*Task*
Starting at the line holding "更設(shè)有防撞護欄和照明設(shè)備等人性化設(shè)施 , 讓您的生產(chǎn)更貼心" and finishing at the line holding "CD194, also known", transcribe the material exactly, keeping both ends but no pictures.

*Available data*
==========

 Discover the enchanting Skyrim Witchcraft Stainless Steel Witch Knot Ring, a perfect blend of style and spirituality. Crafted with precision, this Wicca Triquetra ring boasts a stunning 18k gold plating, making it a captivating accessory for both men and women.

==========

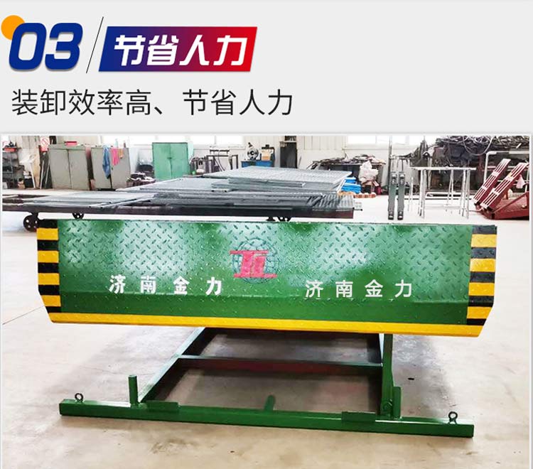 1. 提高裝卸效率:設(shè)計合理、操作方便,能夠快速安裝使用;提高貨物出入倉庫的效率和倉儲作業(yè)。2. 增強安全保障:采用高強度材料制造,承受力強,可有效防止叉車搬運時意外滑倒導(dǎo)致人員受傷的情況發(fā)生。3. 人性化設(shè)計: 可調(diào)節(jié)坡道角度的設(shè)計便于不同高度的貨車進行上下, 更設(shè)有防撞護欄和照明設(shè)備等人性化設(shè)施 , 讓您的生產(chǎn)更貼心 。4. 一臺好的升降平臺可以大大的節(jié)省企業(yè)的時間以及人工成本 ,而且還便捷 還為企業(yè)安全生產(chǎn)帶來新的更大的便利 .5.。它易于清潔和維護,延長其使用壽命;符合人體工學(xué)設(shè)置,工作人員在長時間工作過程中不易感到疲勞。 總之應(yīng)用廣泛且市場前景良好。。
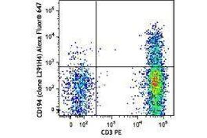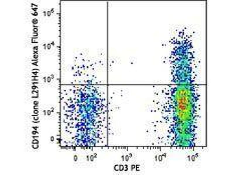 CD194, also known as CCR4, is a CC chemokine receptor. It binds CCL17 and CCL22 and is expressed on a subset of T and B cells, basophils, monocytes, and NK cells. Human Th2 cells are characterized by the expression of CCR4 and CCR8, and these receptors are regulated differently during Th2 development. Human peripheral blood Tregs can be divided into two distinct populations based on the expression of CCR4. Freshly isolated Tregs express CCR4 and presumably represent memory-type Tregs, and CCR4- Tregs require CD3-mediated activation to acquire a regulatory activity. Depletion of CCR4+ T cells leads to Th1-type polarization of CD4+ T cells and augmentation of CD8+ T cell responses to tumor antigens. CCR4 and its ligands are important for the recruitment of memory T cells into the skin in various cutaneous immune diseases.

==========

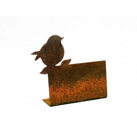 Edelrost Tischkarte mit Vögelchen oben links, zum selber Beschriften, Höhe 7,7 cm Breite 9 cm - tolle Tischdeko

==========

*Problem solution*
 1. 提高裝卸效率:設(shè)計合理、操作方便,能夠快速安裝使用;提高貨物出入倉庫的效率和倉儲作業(yè)。2. 增強安全保障:采用高強度材料制造,承受力強,可有效防止叉車搬運時意外滑倒導(dǎo)致人員受傷的情況發(fā)生。3. 人性化設(shè)計: 可調(diào)節(jié)坡道角度的設(shè)計便于不同高度的貨車進行上下, 更設(shè)有防撞護欄和照明設(shè)備等人性化設(shè)施 , 讓您的生產(chǎn)更貼心 。4. 一臺好的升降平臺可以大大的節(jié)省企業(yè)的時間以及人工成本 ,而且還便捷 還為企業(yè)安全生產(chǎn)帶來新的更大的便利 .5.。它易于清潔和維護,延長其使用壽命;符合人體工學(xué)設(shè)置,工作人員在長時間工作過程中不易感到疲勞。 總之應(yīng)用廣泛且市場前景良好。。
 CD194, also known as CCR4, is a CC chemokine receptor. It binds CCL17 and CCL22 and is expressed on a subset of T and B cells, basophils, monocytes, and NK cells. Human Th2 cells are characterized by the expression of CCR4 and CCR8, and these receptors are regulated differently during Th2 development. Human peripheral blood Tregs can be divided into two distinct populations based on the expression of CCR4. Freshly isolated Tregs express CCR4 and presumably represent memory-type Tregs, and CCR4- Tregs require CD3-mediated activation to acquire a regulatory activity. Depletion of CCR4+ T cells leads to Th1-type polarization of CD4+ T cells and augmentation of CD8+ T cell responses to tumor antigens. CCR4 and its ligands are important for the recruitment of memory T cells into the skin in various cutaneous immune diseases.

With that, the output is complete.